Filed Sept. 21, 1888.Without any question, she paid more than that sum for the real estate by the surrender of her note for $300 and the accumulated interest, amounting in all to about $408.
It will thus be seen, also, that no possible benefit could.' accrue to the creditors should the conveyance to Mrs. Hubbard be set aside. When such is the case a court of equity will not interfere. Smith v. Selz, 114 Ind. 229.

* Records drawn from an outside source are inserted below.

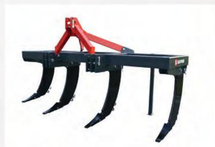
DeepStar 4/80/300 Ecoline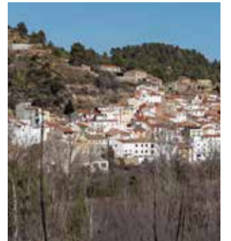
Vista de Teresa.

Este almacén, ubicado en la calle Era Colás número 5, será derribado en su totalidad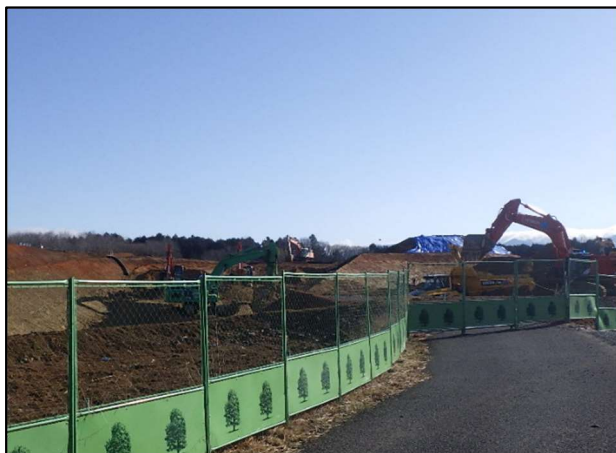
【施工状況・表土すきとり】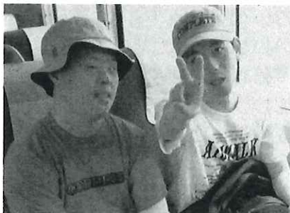
♡ B班。ドキドキワクワクの車中です。

メ”として、三方のホテルランチ〜熊川宿のくずまんじゅうまで、おいしい物巡りをしました。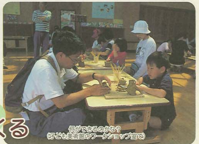
何ができるのかな？ (子ども美術館のワークショップ室で)

待ちに待った夏休みが始まりました。海、山、プールなど、夏は楽しいことがいっぱいあります。でも、なかには「宿題の自由研究が気になって…」、「いい題材が見つからない…」なんて困っている人はいませんか。そこで今回は、皆さんに役立つような情報をとんと集めてみました。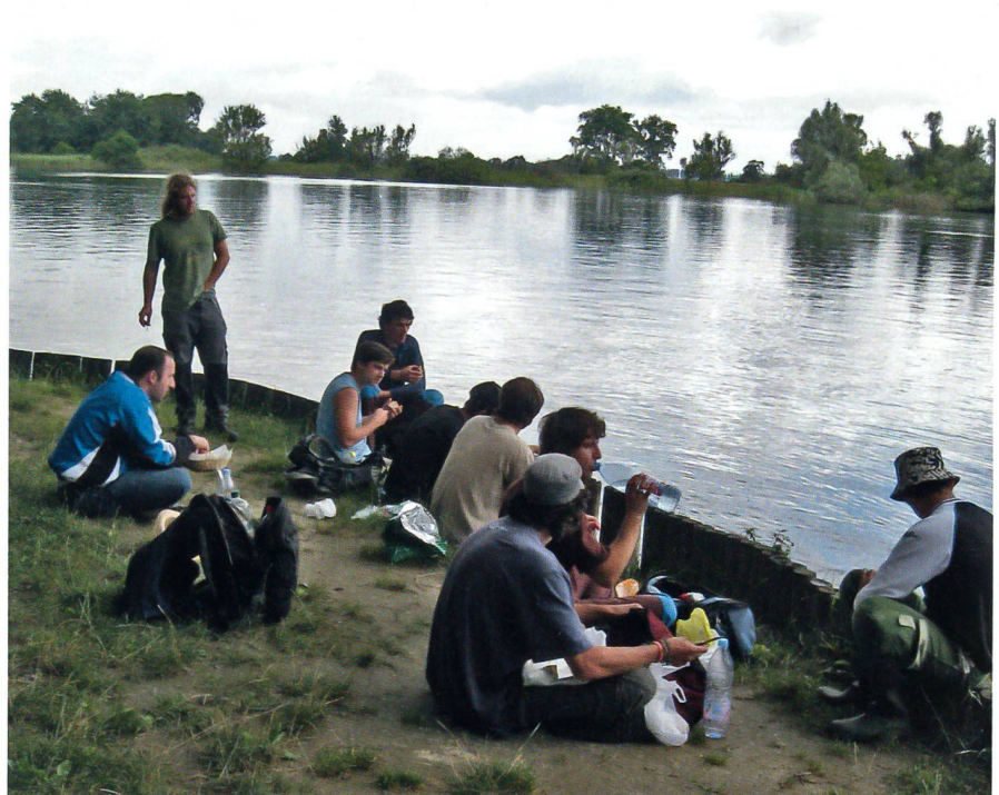
27. Juli 2010, 14.05 Uhr: Stilleben am Seerhein mit neun jungen Schweizern.

Der Zivildienstleistende arbeitet wie ein ziviler Angestellter seine Stunden am Tag und seine Tage in der Woche ab. Am Abend hat er frei, er verbringt die Freizeit

It is suggested, rather than argued, that the court below erred in admitting certain testimony by Charles Butler. As already stated, he was a brother-in-law of the appellees, and the attorney for Hubbard. In response to a question by counsel for appellee he was allowed to state that prior to the execution of the deed to Mrs. Hubbard he suggested to her that, as her husband was indebted to her, she had better have a deed from him for the property here in dispute. Without examining the question further, it is entirely sufficient to say that the same conversation between Butler and Mrs. Hubbard was drawn out by appellants upon the cross-examination of Mrs. Hubbard. They are, therefore, íd no condition to object to appellees bringing forward the same evidence in the examination of Butler. Nor could they have been injured by a reproduction of the facts which they had thus voluntarily elicited in the cross-examination of Mrs. Hubbard.
Having found no error in the rulings of the court below, the judgment is affirmed, with costs.